Anthropologist Lynne Isbell was running through a glade in central Kenya in 1992 when something suddenly caused her to freeze in her tracks. "I stopped just in front of a cobra," she says. "It was raised with its hood spread out."
Isbell, who is at the University of California, Davis, says she has spent the past couple of decades trying to understand how she could have reacted before her conscious brain even had a chance to think â cobra!
"At first I thought it was luck," she says. "But now I'm pretty sure that it's not luck.
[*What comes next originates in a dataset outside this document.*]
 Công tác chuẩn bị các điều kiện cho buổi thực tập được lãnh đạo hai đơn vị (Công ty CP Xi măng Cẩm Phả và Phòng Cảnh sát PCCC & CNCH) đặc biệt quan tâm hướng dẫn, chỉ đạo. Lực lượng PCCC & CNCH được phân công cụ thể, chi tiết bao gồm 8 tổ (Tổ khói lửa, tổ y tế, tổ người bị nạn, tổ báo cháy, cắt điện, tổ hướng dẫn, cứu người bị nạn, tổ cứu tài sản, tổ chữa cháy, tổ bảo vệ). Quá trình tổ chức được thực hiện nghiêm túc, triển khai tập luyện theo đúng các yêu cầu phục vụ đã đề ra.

It's a reflection of 60 million years of evolutionary history working on my visual system."
The answer involves monkeys, the evolution of primate vision and a part of the brain called the pulvinar, which Isbell explains in Monday's Proceedings of the National Academy of Sciences.
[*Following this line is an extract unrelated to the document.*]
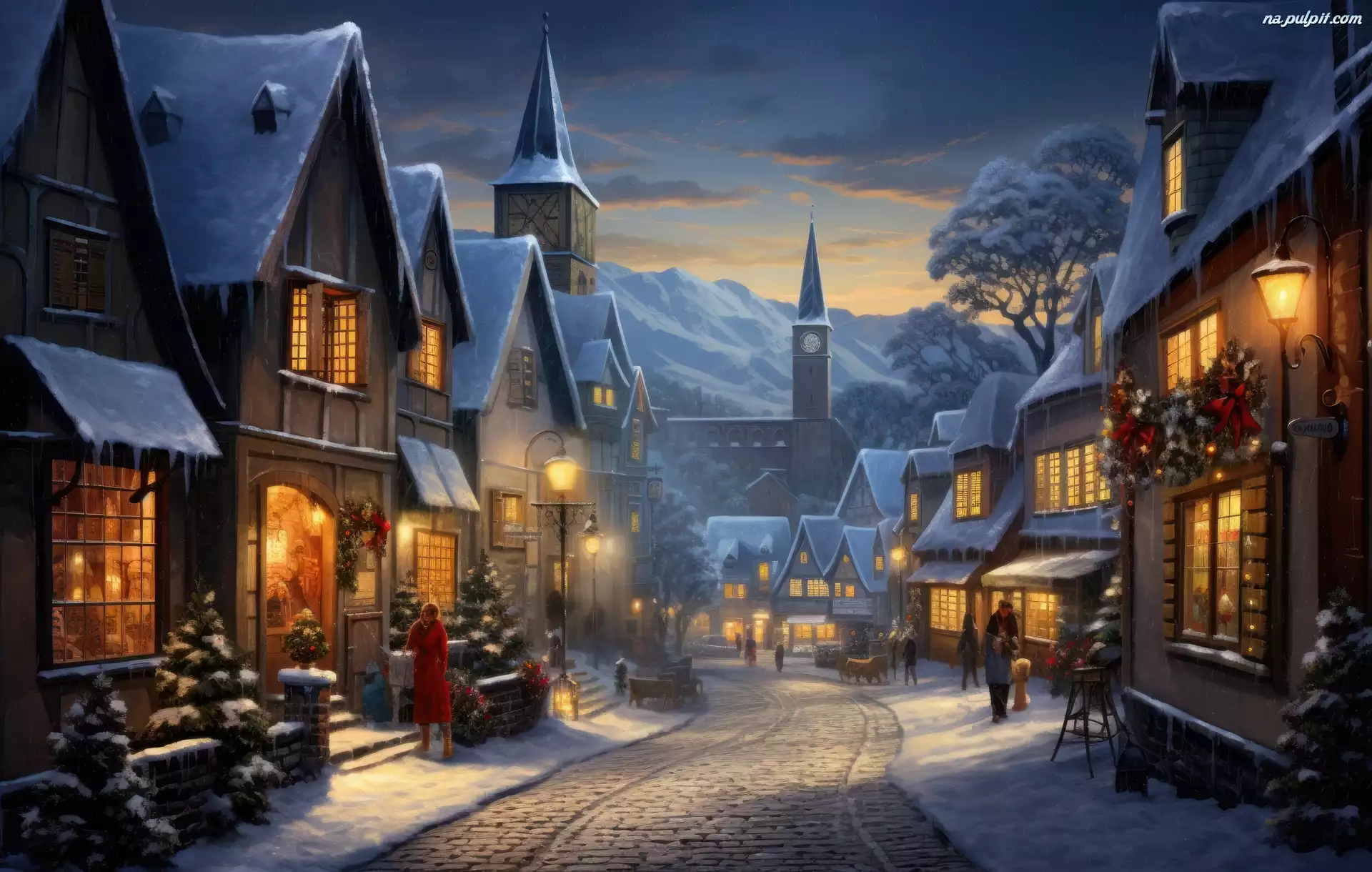 Ludzie, Zima, Domy, Ulica, Góry, 2D Na Pulpit

In the years after her encounter with the cobra, Isbell developed a theory that snakes are a major reason that humans and other primates evolved really good vision.
"We have our forward-facing eyes," she says. "We have our excellent depth perception. We have very good visual acuity, the best in the mammalian world. We have color vision. So there has to be some sort of explanation for it."
Primates in parts of the world with lots of poisonous snakes evolved better vision than primates elsewhere, Isbell found out. It's no accident that lemurs in Madagascar have the worst vision in the primate world, she says. There are no venomous snakes.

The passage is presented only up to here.